*Problem details*: In the entries below, find the line with "Фиг. 4б. След" and the line with "Plusieurs exercices de"; give again those lines and every line between them, exactly.

(Collected data)
====

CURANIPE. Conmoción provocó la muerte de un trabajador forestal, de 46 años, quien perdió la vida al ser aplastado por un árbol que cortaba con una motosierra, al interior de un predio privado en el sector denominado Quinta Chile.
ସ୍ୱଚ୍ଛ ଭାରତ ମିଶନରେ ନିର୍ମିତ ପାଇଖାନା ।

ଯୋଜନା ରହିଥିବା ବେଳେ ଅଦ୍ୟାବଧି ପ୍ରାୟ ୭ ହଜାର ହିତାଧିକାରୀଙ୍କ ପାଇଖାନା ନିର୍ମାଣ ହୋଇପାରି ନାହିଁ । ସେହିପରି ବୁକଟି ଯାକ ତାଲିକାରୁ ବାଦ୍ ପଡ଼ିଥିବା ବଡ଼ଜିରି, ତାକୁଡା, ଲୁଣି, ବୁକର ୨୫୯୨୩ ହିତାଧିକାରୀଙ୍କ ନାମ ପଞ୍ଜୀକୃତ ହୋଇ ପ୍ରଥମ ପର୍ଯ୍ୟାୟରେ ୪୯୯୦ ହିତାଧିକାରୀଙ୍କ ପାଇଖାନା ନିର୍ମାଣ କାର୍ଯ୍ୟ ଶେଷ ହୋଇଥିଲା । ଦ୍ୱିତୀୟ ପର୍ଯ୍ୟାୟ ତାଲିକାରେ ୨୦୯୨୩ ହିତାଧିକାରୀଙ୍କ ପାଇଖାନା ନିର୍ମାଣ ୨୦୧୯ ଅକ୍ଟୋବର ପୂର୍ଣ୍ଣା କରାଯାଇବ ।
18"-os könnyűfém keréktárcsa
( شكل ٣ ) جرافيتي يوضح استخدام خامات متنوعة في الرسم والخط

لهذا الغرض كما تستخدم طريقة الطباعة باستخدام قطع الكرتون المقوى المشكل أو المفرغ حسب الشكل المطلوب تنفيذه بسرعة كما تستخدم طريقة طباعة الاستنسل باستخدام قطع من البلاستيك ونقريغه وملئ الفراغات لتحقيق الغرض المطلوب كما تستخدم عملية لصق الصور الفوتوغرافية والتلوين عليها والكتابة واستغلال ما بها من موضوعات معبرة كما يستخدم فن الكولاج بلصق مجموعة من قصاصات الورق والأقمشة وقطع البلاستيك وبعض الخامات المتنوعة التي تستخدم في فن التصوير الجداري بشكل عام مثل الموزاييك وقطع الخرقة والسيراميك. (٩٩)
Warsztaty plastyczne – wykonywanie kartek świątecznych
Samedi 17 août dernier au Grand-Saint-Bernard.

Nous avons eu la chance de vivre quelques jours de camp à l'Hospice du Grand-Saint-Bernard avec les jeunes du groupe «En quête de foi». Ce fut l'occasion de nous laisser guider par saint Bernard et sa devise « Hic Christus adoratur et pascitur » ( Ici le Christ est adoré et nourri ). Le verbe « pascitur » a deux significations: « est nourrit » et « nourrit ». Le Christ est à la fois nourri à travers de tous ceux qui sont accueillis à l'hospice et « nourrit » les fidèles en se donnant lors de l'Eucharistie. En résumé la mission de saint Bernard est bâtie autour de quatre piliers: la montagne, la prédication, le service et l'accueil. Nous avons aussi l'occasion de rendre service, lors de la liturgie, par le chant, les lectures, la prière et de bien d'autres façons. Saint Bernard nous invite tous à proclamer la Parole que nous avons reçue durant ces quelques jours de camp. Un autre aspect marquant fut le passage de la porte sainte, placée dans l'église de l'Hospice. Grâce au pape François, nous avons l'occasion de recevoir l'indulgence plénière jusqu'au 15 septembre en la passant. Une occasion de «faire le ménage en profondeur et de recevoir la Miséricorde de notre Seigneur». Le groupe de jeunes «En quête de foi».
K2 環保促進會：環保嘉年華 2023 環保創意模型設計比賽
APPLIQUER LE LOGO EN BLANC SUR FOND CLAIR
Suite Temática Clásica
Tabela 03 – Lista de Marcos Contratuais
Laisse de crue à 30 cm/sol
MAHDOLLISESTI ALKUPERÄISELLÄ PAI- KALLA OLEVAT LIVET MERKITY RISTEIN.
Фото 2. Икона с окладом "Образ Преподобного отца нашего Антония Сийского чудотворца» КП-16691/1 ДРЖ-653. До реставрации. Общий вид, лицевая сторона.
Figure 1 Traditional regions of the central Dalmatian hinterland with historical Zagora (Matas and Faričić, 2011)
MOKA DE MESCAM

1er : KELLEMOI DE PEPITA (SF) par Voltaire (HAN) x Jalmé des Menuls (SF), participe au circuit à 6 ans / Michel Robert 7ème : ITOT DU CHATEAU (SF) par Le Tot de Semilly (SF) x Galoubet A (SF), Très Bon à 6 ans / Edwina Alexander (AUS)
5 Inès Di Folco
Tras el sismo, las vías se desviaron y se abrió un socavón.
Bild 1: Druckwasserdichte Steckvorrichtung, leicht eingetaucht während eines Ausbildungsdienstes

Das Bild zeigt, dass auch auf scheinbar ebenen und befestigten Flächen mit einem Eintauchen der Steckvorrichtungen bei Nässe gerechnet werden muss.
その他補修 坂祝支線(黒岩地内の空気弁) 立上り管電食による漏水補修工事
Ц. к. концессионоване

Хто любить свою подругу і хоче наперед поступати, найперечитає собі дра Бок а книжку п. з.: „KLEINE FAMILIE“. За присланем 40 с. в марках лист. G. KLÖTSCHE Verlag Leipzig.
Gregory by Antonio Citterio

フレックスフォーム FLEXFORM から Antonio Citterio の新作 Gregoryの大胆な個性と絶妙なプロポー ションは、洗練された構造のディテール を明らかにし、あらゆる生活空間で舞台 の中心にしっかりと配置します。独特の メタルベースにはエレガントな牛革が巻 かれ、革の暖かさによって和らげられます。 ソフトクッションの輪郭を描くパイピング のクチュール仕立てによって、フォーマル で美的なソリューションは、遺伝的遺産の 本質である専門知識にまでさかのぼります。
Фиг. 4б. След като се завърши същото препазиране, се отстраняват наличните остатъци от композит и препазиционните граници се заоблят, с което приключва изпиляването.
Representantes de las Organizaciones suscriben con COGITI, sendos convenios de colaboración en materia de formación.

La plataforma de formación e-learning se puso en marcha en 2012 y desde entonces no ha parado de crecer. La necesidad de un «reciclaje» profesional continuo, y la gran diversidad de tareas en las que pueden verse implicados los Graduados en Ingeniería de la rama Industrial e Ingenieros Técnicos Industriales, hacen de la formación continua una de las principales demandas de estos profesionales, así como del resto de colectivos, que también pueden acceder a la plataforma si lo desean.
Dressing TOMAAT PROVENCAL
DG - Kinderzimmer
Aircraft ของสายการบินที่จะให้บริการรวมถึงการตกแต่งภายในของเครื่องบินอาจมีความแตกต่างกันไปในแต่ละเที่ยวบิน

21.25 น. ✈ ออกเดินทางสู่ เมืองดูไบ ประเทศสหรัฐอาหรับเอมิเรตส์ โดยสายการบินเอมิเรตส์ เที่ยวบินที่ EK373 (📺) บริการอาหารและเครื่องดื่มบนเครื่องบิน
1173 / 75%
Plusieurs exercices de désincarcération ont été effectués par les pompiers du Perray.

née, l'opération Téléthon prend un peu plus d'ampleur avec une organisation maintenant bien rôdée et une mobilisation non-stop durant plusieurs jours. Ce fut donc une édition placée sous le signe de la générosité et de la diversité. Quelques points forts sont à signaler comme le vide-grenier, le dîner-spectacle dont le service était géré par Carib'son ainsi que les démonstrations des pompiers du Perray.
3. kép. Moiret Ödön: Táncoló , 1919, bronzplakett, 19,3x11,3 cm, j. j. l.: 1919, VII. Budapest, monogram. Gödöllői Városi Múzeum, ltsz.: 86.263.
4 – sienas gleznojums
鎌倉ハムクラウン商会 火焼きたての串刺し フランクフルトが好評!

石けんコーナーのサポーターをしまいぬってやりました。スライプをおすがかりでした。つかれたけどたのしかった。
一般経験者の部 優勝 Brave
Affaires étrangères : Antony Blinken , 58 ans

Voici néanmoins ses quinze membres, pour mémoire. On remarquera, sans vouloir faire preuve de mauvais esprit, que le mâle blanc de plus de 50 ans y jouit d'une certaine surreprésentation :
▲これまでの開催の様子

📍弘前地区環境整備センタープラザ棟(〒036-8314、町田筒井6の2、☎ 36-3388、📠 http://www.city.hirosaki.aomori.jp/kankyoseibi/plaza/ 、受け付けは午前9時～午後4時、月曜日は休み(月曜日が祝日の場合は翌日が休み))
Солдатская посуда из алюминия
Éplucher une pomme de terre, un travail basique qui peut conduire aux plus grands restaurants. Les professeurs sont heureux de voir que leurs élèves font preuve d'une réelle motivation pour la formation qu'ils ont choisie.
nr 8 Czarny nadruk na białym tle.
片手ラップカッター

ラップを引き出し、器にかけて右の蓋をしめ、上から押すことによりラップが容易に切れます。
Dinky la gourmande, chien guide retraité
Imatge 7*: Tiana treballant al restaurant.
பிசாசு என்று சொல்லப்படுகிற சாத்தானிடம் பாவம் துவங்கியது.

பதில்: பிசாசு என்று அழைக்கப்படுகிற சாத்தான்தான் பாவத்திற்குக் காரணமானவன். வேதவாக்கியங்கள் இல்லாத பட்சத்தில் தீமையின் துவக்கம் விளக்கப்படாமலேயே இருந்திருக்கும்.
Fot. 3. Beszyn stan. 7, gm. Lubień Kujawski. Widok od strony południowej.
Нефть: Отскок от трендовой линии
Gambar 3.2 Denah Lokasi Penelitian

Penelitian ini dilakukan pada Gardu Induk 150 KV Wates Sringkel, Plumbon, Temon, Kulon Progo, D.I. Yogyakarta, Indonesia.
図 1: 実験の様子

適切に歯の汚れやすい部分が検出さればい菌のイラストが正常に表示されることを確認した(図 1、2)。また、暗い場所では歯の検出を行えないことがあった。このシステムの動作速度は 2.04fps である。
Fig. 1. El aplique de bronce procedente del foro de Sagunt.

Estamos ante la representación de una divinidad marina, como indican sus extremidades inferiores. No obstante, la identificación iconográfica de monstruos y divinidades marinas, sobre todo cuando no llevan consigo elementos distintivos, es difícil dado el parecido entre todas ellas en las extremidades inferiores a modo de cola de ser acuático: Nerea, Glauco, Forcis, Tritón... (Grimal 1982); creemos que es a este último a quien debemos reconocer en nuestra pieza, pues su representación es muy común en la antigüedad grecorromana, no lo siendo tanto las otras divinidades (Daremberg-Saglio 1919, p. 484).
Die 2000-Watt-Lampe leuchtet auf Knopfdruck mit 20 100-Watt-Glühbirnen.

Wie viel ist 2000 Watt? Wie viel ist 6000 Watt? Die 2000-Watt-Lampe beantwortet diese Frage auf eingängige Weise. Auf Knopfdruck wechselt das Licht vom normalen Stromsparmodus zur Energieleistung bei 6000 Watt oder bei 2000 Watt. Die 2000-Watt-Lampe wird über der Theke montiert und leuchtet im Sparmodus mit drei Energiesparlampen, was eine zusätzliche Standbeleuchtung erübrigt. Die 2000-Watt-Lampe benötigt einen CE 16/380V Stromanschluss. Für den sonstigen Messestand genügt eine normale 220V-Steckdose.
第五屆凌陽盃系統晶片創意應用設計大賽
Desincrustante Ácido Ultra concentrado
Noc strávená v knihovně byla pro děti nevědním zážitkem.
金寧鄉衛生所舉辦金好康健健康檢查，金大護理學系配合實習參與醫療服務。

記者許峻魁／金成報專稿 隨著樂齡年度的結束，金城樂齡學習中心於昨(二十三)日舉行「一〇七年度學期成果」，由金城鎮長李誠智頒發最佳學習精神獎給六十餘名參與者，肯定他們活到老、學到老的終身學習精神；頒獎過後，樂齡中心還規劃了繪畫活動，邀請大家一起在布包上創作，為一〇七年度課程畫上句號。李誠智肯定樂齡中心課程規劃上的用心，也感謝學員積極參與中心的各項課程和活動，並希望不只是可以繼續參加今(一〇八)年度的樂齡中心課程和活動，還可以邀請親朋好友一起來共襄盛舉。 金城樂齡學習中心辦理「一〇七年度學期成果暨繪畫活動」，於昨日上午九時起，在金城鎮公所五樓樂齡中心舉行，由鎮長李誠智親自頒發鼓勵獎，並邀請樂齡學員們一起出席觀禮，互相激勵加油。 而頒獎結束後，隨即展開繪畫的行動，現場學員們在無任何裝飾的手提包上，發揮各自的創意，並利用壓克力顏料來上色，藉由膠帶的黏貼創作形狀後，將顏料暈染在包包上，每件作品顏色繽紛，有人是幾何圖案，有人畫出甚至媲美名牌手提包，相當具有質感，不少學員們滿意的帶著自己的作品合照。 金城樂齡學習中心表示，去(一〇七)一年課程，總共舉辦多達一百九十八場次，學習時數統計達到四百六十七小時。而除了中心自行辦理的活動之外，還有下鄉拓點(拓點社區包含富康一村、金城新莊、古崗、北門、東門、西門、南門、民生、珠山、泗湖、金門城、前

====

*Output for this task*:
Фиг. 4б. След като се завърши същото препазиране, се отстраняват наличните остатъци от композит и препазиционните граници се заоблят, с което приключва изпиляването.
Representantes de las Organizaciones suscriben con COGITI, sendos convenios de colaboración en materia de formación.

La plataforma de formación e-learning se puso en marcha en 2012 y desde entonces no ha parado de crecer. La necesidad de un «reciclaje» profesional continuo, y la gran diversidad de tareas en las que pueden verse implicados los Graduados en Ingeniería de la rama Industrial e Ingenieros Técnicos Industriales, hacen de la formación continua una de las principales demandas de estos profesionales, así como del resto de colectivos, que también pueden acceder a la plataforma si lo desean.
Dressing TOMAAT PROVENCAL
DG - Kinderzimmer
Aircraft ของสายการบินที่จะให้บริการรวมถึงการตกแต่งภายในของเครื่องบินอาจมีความแตกต่างกันไปในแต่ละเที่ยวบิน

21.25 น. ✈ ออกเดินทางสู่ เมืองดูไบ ประเทศสหรัฐอาหรับเอมิเรตส์ โดยสายการบินเอมิเรตส์ เที่ยวบินที่ EK373 (📺) บริการอาหารและเครื่องดื่มบนเครื่องบิน
1173 / 75%
Plusieurs exercices de désincarcération ont été effectués par les pompiers du Perray.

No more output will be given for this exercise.